A NONPARAMETRIC TEST FOR STATIONARITY BASED ON LOCAL FOURIER ANALYSIS by Prabahan Basu, Daniel Rudoy, and Patrick J. Wolfe. IEEE International Conference on Acoustics, Speech and Signal Processing, Taipei, 19-24 April 2009, 3005-3008.
Introduction to Applied Statistical Signal Analysis : Guide to Biomedical and Electrical Engineering Applications. by Shiavi R. 2007, 3rd ed.
The Dependence of Electrode Impedance on the Number of Performed EEG Examinations by Joanna Górecka and Przemysław Makiewicz, Sensors 2019, 19(11), 2608; https://doi.org/10.3390/s19112608
In‐vivo measurements of human brain tissue conductivity using focal electrical current injection through intracerebral multicontact electrodes. Laurent Koessler, Sophie Colnat‐Coulbois, Thierry Cecchin, Janis Hofmanis, Jacek P. Dmochowski, Anthony M. Norcia, Louis G. Maillard. Human Brain Mapping. 38 2016.
SciPy 1.0: Fundamental Algorithms for Scientific Computing in Python. Nature Methods, 17(3), 261-272.

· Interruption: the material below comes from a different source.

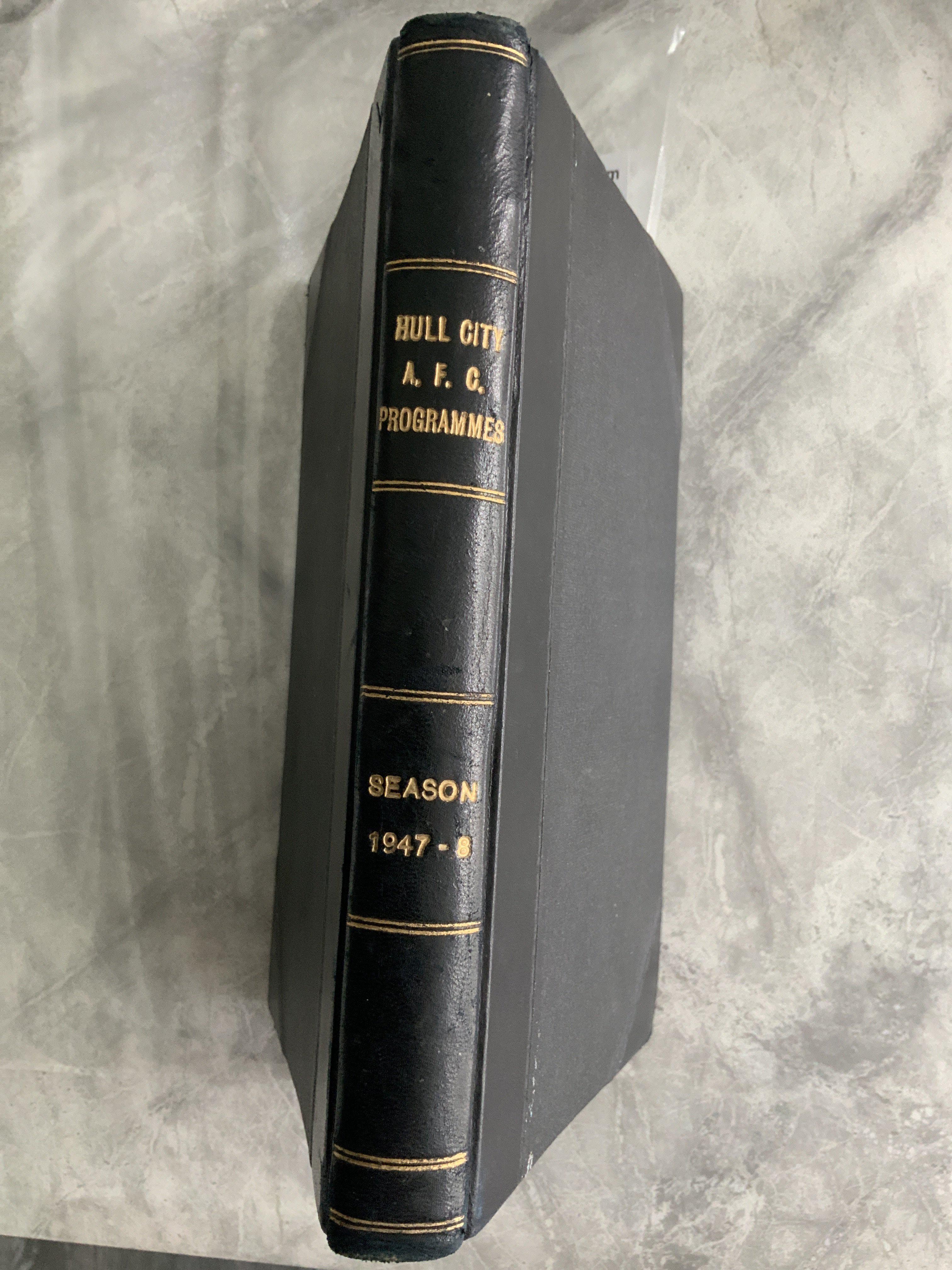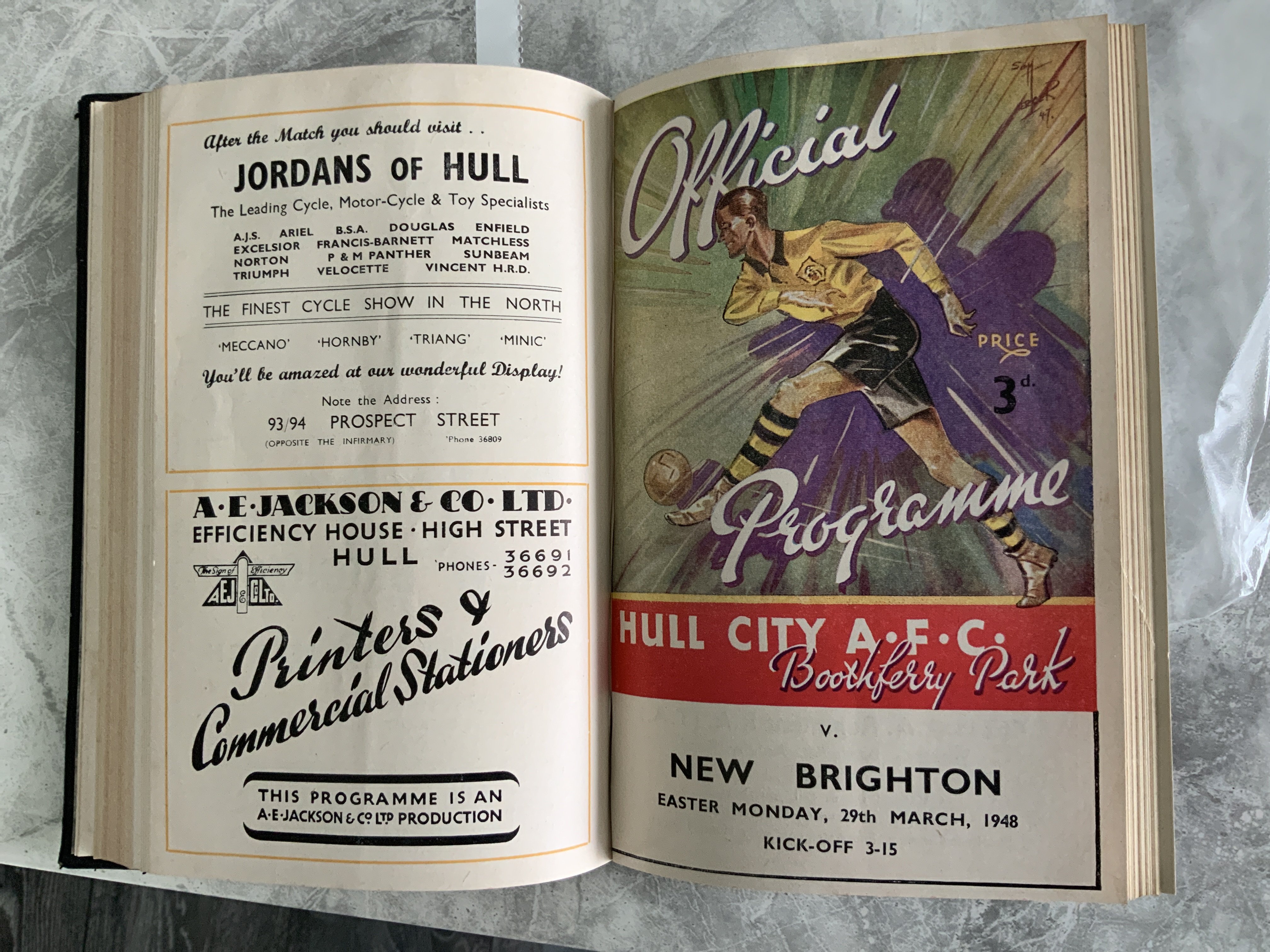 47/48 Hull City Bound Volume Of Football Programmes: Includes Rotterdam, Cheltenham FA Cup with league matches complete and in stunning unwritten condition with covers. Blue boards state Hull City AFC Programmes Season 1947-8 to spine.

Pauli Virtanen, Ralf Gommers, Travis E. Oliphant, Matt Haberland, Tyler Reddy, David Cournapeau, Evgeni Burovski, Pearu Peterson, Warren Weckesser, Jonathan Bright, Stéfan J. van der Walt, Matthew Brett, Joshua Wilson, K. Jarrod Millman, Nikolay Mayorov, Andrew R. J. Nelson, Eric Jones, Robert Kern, Eric Larson, CJ Carey, İlhan Polat, Yu Feng, Eric W. Moore, Jake VanderPlas, Denis Laxalde, Josef Perktold, Robert Cimrman, Ian Henriksen, E.A. Quintero, Charles R Harris, Anne M. Archibald, Antônio H. Ribeiro, Fabian Pedregosa, Paul van Mulbregt, and SciPy 1.0 Contributors. (2020)
Harris, C.R., Millman, K.J., van der Walt, S.J. et al. Array programming with NumPy. Nature 585, 357–362 (2020).